The sense of duty not only to Canada but to the Libyan people is evident throughout the rank and file of the Canadian Forces. We should be immensely proud of them and immensely proud of the contributions they make on our behalf. Our men and women in uniform are playing a key leadership role in the enforcement of the international community's will through their significant contribution to the NATO mission. They are positioning Canada as an effective, dependable ally and partner, a reputation that we have enjoyed since our inception. However, most important, they are standing up for the people of Libya who are demanding change and getting support in that change and, In so doing, they are setting the stage for a peaceful future for Libyans and a transition that will occur under their watch.

Just as it was right to do so in June, I believe it is right now that we extend the Canadian Forces' mission for up to three months. It is the right thing to do now as well. I urge all hon. members to support this motion before the House. I look forward to the debate that will take place here today. I look forward to the information, the questions and the facts that we will put before the House and the country by virtue of this debate. Again, I thank all members present for participating in this important discussion.

LibyaGovernment Orders

11:25 a.m.

NDP

Jack Harris NDP St. John's East, NL

Mr. Speaker, I will have an opportunity to make a speech shortly but I want to ask the minister whether he agrees that the situation today is far different from what was facing the United Nations on March 17 in the House? It passed the first resolution when Colonel Gadhafi was the regime in power in Libya and was actively threatening to effectively massacre civilians. We now have the opposition, the National Transitional Council, having taken Libya's seat at the United Nations. The regime no longer exists. Therefore, Canada's role can be entirely different from what it was in March of this year.

LibyaGovernment Orders

11:25 a.m.

Conservative

Peter MacKay Conservative Central Nova, NS

Mr. Speaker, I agree with my hon. colleague that the conditions have improved. However, the work that is yet to be done remains. We need to be clear. Civilians are still being attacked by the Libyan regime as recently as this weekend. There is still capacity in place that permits Gadhafi to control a certain element. There is a certain following in the country who have access to weapons that can be used against civilians.
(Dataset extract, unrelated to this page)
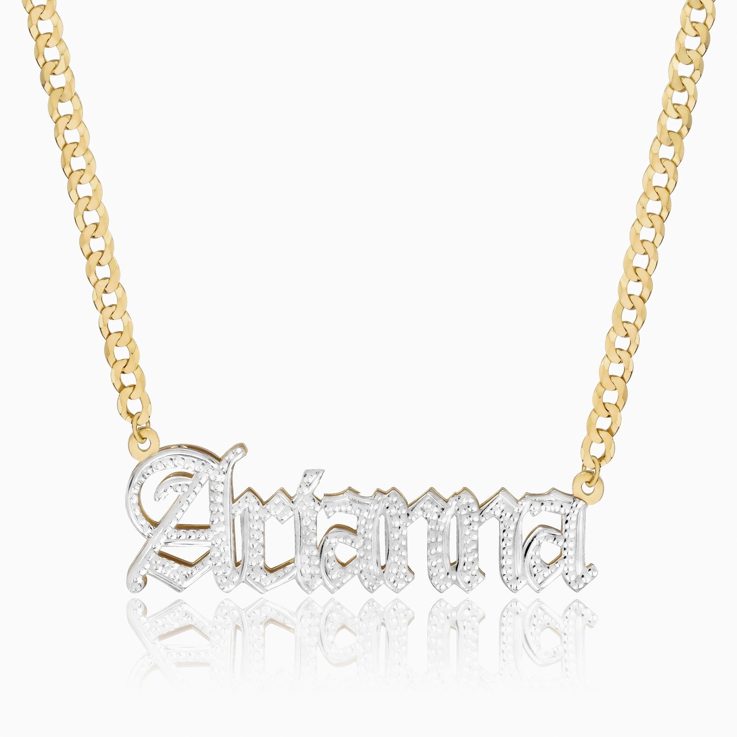Our popular Double Plated Gothic Name Necklace boasts a chic and elegant design, handcrafted to perfection. The model showcases the necklace with an 18-inch Cuban chain (see first slide for reference).

It is for that reason that the new UN Security Council resolution is in place. It is consistent with the original goals of the UN Security Council, which is to protect civilians, to enable humanitarian aid and for all actions against civilians to cease and desist.

LibyaGovernment Orders

11:25 a.m.

Liberal

John McKay Liberal Scarborough—Guildwood, ON

Mr. Speaker, I thank the minister for his speech and I thank him and his staff publicly for the extensive and candid briefings within the limitations of open source material. Both Ambassador McCardell and General Vance have been very fulsome in their briefings to us, both privately and publicly. I thank the minister for his contribution in arranging those briefings and keeping us all in the loop, so to speak.

We want to not only thank the brave men and women of the armed forces, but also the brave men and women who are serving us in the diplomatic corps led, in this case, by Sandra McCardell, and those who are serving with the humanitarian relief as it gets into the country.

I have a question for the minister with respect to the larger issue, which is going forward. This is a critical time for Libya. It is a rough neighbourhood, shall we say. There are countries there that have no democratic traditions whatsoever. We have put a lot of effort into ensuring that the National Transition Council has an opportunity to set up a stable formal government, possibly even a democratic form of government. There are cultural sensitivities there.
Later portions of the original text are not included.